The topic of unionization has come up,lately, at work, and it got me wondering. So I'm hoping some of you nurses who are currently represented by unions could tell me what union you're with, and how... Read More

  1. by   Sheri257
    Quote from Shamira Aizza
    And spacenurse...I can only imagine the uproar if Unions were subject to the same scrutiny that hospitals are exposed to, and if Unions were expected to operate with razor thin profit margins under the same level of scrutiny. As it stands, unions have a far greater profit margin (considering they really offer very little), compared to the hospitals they exploit.
    Razor thin hospital profit margins? Really?

    Just as an example ... RN's are unionized at 25 Catholic Healthcare West hospitals in California.

    Yet net income was up $90 million in 2006 for a total of $438 million. It sure doesn't look like razor thin profit margins to me ...

    http://www.chwhealth.org/stellent/gr...ent/135150.pdf

    I see you're from Georgia where RN's make $24 an hour, on average. In my current California union job, I'm making $45 an hour.

    As far as I'm concerned, unions can profit as much as they want because they're certainly delivering on my behalf.

    Last edit by Sheri257 on Apr 27, '07
  2. by   Simplepleasures
    Who would you place your trust in to see to it that you are treated fairly, the CEO of the corporation or the Union? Simple really.
  3. by   Spidey's mom
    Quote from ingelein
    Who would you place your trust in to see to it that you are treated fairly, the CEO of the corporation or the Union? Simple really.
    It would depend on the CEO. Not fair to judge all CEO's as if they were wicked money-hungry anti-nurse meanies.

    We have a new CEO - I like her. So far. She has good ideas for our small rural hospital which is hemorrhaging $$. Her last job in Montana was as a CEO and she turned that hospital around.

    When one of the docs interviewed her, he asked her how to retain nurses here. She said "pay them more".

    Granted it has only been a month or so . . . . . I'm not wearing blinders. But still, I'd like to give her the benefit of the doubt.

    As to unions, I just disagree on principle. I am a professional nurse and can stand up for myself.

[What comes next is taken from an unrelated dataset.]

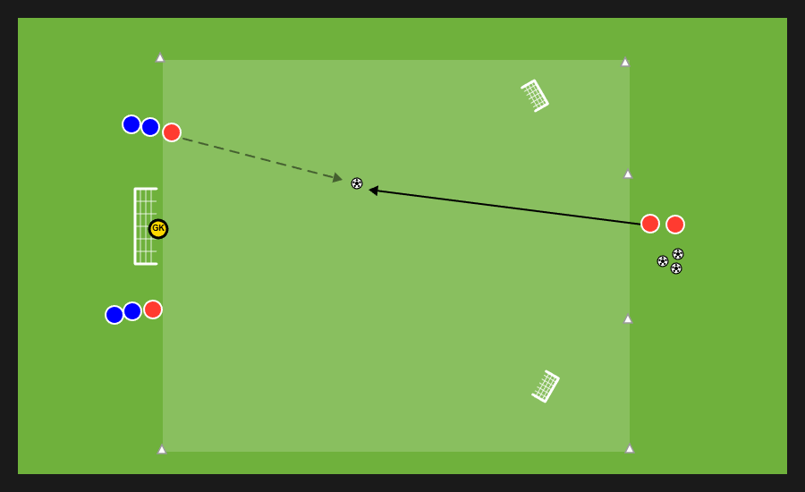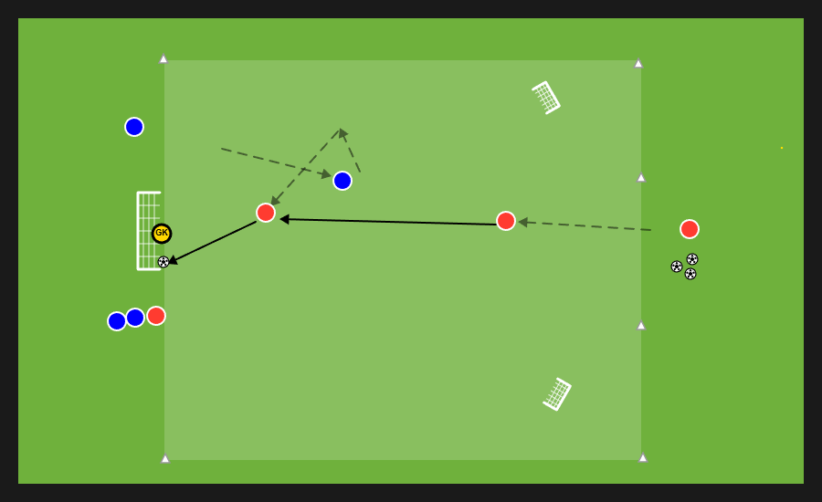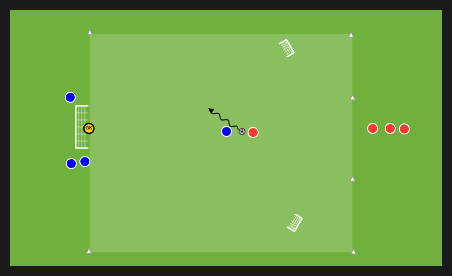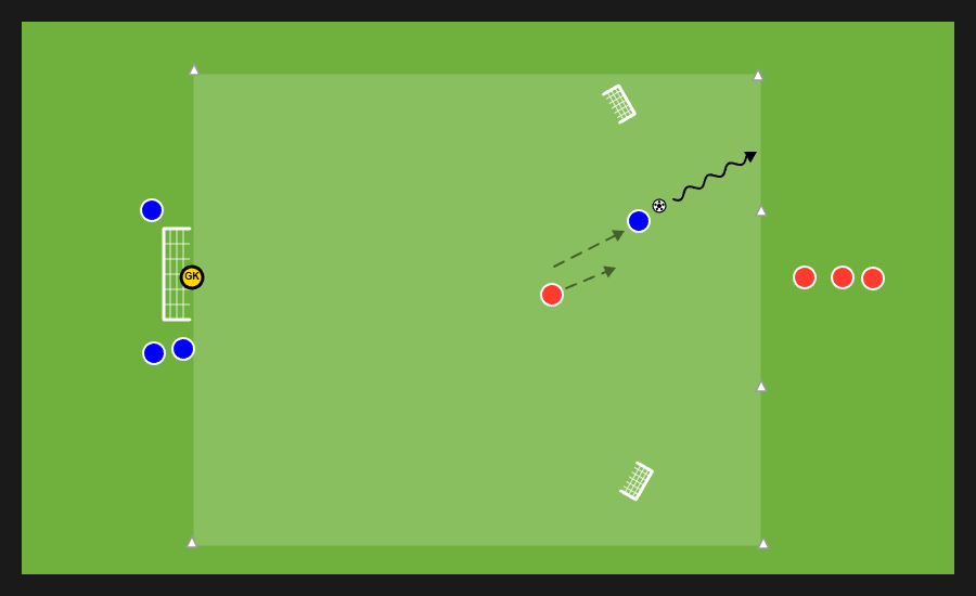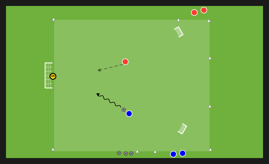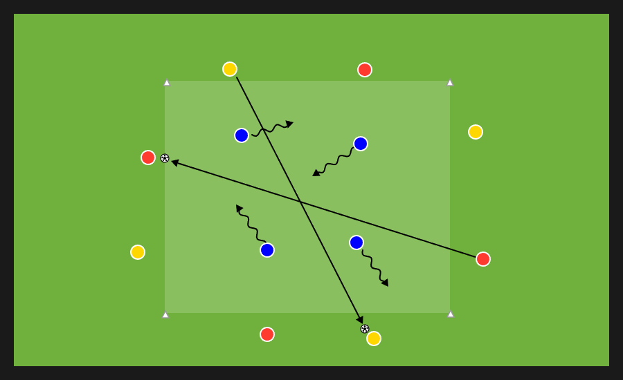 Delle tre squadre presenti, due si affrontano in un possesso palla e la terza invece svolge la funzione jolly, di cui quattro uomini con funzione di sponde ai lati dell’area di gioco e un jolly dentro. Dopo un numero di passaggi stabilito dal mister la squadra in possesso può cercare una delle sponde disposte verticalmente e proporsi nello spazio al di fuori dell’area in cui si svolge il possesso per andare al tiro.

    The last time a union came up here to recruit, it was SEIU . . . .they showed up looking like they belonged to the mafia and had on big diamond rings (union dues?) . . . and we are a rural farming/logging community. We all had a giggle over that. The nurses voted the union down.

    steph
  4. by   Suedern
    any person with commen since know that their are bad companies and good companies. bad ones put money before adequate care, safe care, and and keeping their employees work enviroment a safe and healthy place to work. and of course good companies actually make a profit because of less turn over, and shorter stays, and a mirad of other reasons mentioned throughout these threads and articles.

    i would still like to see how those staunch nonunion supporters have helped make their work enviroment a better place to work. your the ones that won't stand up to management and risk your job and put you foot down and say this is not safe, not right. aren't you the ones with your masters and doctorates that could lay out the research and at least try to convince them. no, because your the one who probably moved up in your positon because of merit. or your that charge or unit director who stands by and sees those "slaves" working their tails off, without breaks, bathroom time, or lunch, and will turn your head when you see their ship sinking. and will turn around and say to that nurse, "if you told me, i would have helped you", or "you should have asked for help". what? you mean those people can't tell when their nurses aren't sinking. road trips to radiology, both patients intubated, both patients on vasopressors and 15 min. vitals, both with diarrhea, both with biligernt families, poor iv access, meds not delivered timely and having to go down how many floors to the basement. anything else? of course their is.


    i'de also like to see that staunch nonunion member out their fighting for better legislation for better and safer care. if more of you stood up for what was right for every patient out there, you probably would not need unions.

    but, as you see in hospitals trying to decert unions(i say hospitals, because what nurse actually would, in good conscence start one?), the majority of nurses who don't sign the decerts probably know deep down the the union has made care better for them and their patients.
    what good chg nurse or unit director who has treated their workers in the way management tells them too,can actually sleep at night?
    in response to the big diamonds that the seiu wear. what? are you a jeweler? you probably couldn't tell the difference between a rock and a piece of glass. that's the kind of talk that sound very uneducated, or silly union busting talk.
  5. by   HM2VikingRN
    Quote from sandrarn
    any person with commen since know that their are bad companies and good companies. bad ones put money before adequate care, safe care, and and keeping their employees work enviroment a safe and healthy place to work. and of course good companies actually make a profit because of less turn over, and shorter stays, and a mirad of other reasons mentioned throughout these threads and articles.

    i would still like to see how those staunch nonunion supporters have helped make their work enviroment a better place to work. your the ones that won't stand up to management and risk your job and put you foot down and say this is not safe, not right. aren't you the ones with your masters and doctorates that could lay out the research and at least try to convince them. no, because your the one who probably moved up in your positon because of merit. or your that charge or unit director who stands by and sees those "slaves" working their tails off, without breaks, bathroom time, or lunch, and will turn your head when you see their ship sinking. and will turn around and say to that nurse, "if you told me, i would have helped you", or "you should have asked for help". what? you mean those people can't tell when their nurses aren't sinking. road trips to radiology, both patients intubated, both patients on vasopressors and 15 min. vitals, both with diarrhea, both with biligernt families, poor iv access, meds not delivered timely and having to go down how many floors to the basement. anything else? of course their is.


    i'de also like to see that staunch nonunion member out their fighting for better legislation for better and safer care. if more of you stood up for what was right for every patient out there, you probably would not need unions.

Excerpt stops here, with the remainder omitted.